The method for forming a silicon oxide film and the method for removing structural defects in the present invention will be described below. Normal thermal oxidation is performed in an oxidizing atmosphere near atmospheric pressure,
In the method of the present invention, thermal oxidation is performed in an atmosphere having a low partial pressure of oxidizing gas. Especially when the oxidizing atmosphere is in the high vacuum region, the etching and oxidation of the silicon surface are very sensitive to the oxidizing conditions.

FIG. 1 shows this state. In FIG. 1, the horizontal axis represents the oxidation temperature and the vertical axis represents the oxidizing gas partial pressure in the atmosphere. In the figure, the shaded portion 102 is a region where etching of the silicon surface occurs, and the other portion 101 is a region where the silicon surface is oxidized. That is, when the oxidation temperature under the oxidation conditions is constant, the etching and oxidation of the surface can be controlled as indicated by arrow A by adjusting the partial pressure of the oxidizing gas. When the oxidizing gas partial pressure is constant, the etching temperature and the oxidation of the surface can be controlled as shown by arrow B by adjusting the oxidation temperature.

Here, the etching of the Si surface occurs when silicon monoxide (Si-O) produced by the reaction between the oxidizing gas and Si sublimes into the gas phase. This process is used for surface cleaning when crystal-growing a thin film on a silicon substrate.

By the way, as described above, the structural defects in the silicon oxide film are Si having a smaller oxidation number than SiO _2.
O _X and a Si-Si bond defects of this kind is considered to discretely distributed within the wafer surface. The inventor of the present application paid attention to such a structure of defects in the silicon oxide film. Incomplete coupling portions such as SiO _X or Si-Si, compared to the portion having a tetrahedral structure, it is in a transient state of easily more SiO bonds. Therefore, when the silicon oxide film containing structural defects is exposed to the above-mentioned conditions in which the sublimation of Si—O occurs, the portion where the bond is incomplete, that is, the structural defect portion sublimates first. If this state is maintained thereafter, the silicon oxide film over the entire area of the silicon substrate will sublime.
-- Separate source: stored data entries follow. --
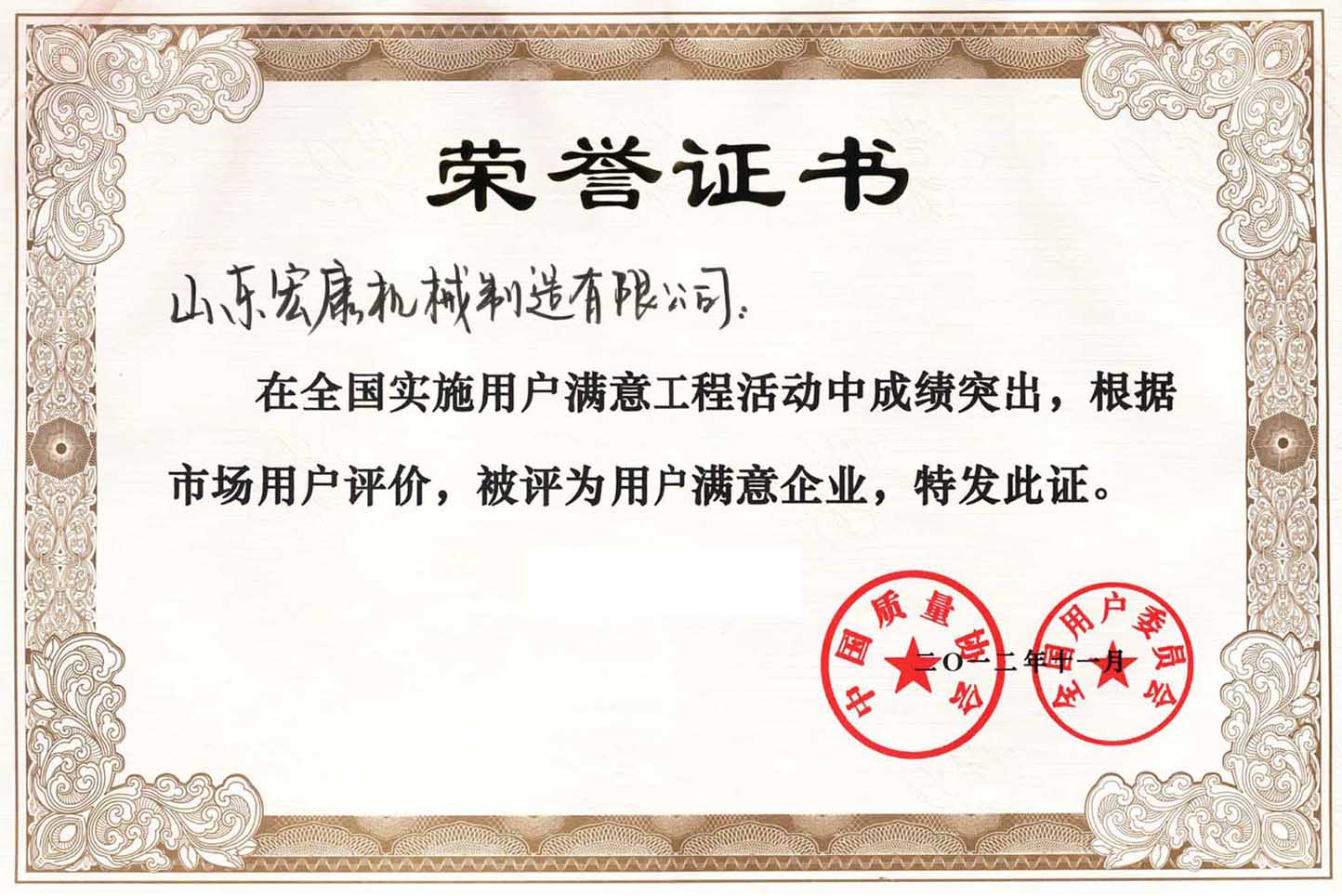 中國(guó)質(zhì)量協(xié)會(huì)榮譽(yù)證書(shū)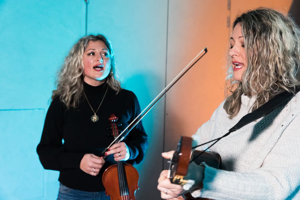 Chi sono. Duo vocale-strumentale formato da chitarra e violino e dalle voci “gemelle” di Olga e Lucrezia Scarsi, le Binele Folk propongono il repertorio tradizionale piemontese nella sua accezione femminile ma anche un variopinto sottobosco di canzoni poco conosciute e riscoperte grazie a melodie tramandate e la ricerca di vecchie registrazioni.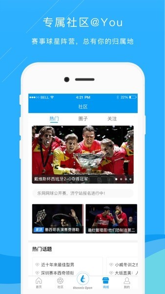 5、丰富的网坛资讯、社交圈子、个人中心等多项服;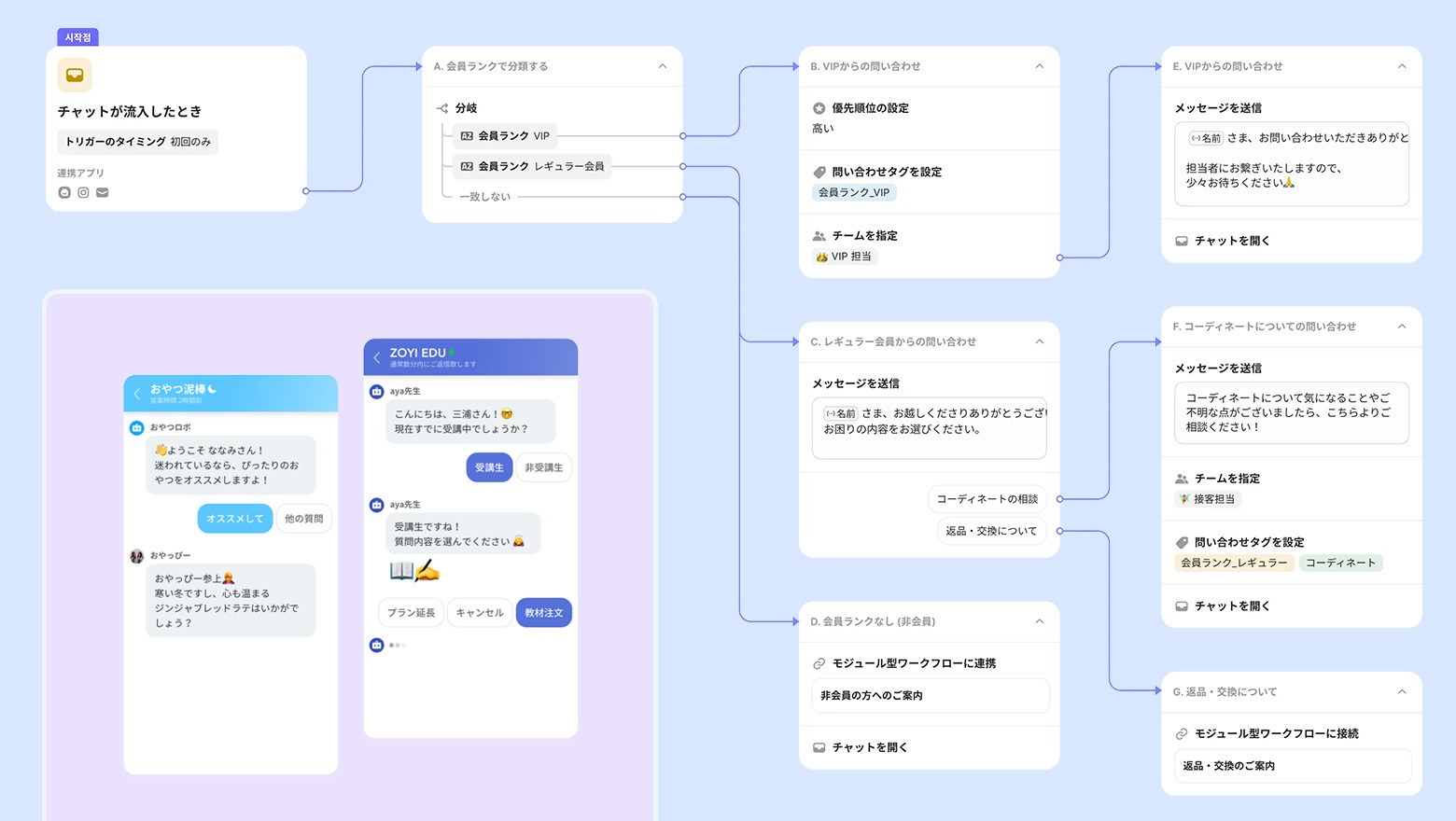 チャットの効果をさらに引き上げるのが、ワークフロー(自動化)です。問い合わせの初動から案内、担当者への振り分けまでを仕組み化することで、「速さ」と「品質」を同時に改善できます。

Therefore, by appropriately setting the processing condition (processing time), it becomes possible to selectively remove only the structural defect portion in the silicon oxide film.

In the present invention, the above-mentioned structural defect removing method is incorporated into the thermal oxidation method, and the oxide film forming step by thermal oxidation and the sublimation rate of silicon monooxide (SiO) are higher than the oxidation rate. The initial oxidation is performed by continuously repeating the defect removing step of removing defects in the silicon oxide film in the atmosphere.

FIG. 2 is a diagram showing an outline of this method of the present invention. As shown in FIG. 2A, generally, the silicon substrate 3
On the surface of 10, there are surface defects 202 that cannot be completely removed by pretreatment with various chemicals. When the surface of the silicon substrate in this state is oxidized by forming an atmosphere 207 which causes oxidation as shown in FIG. 2B, the silicon oxide film 203 contains structural defects 204.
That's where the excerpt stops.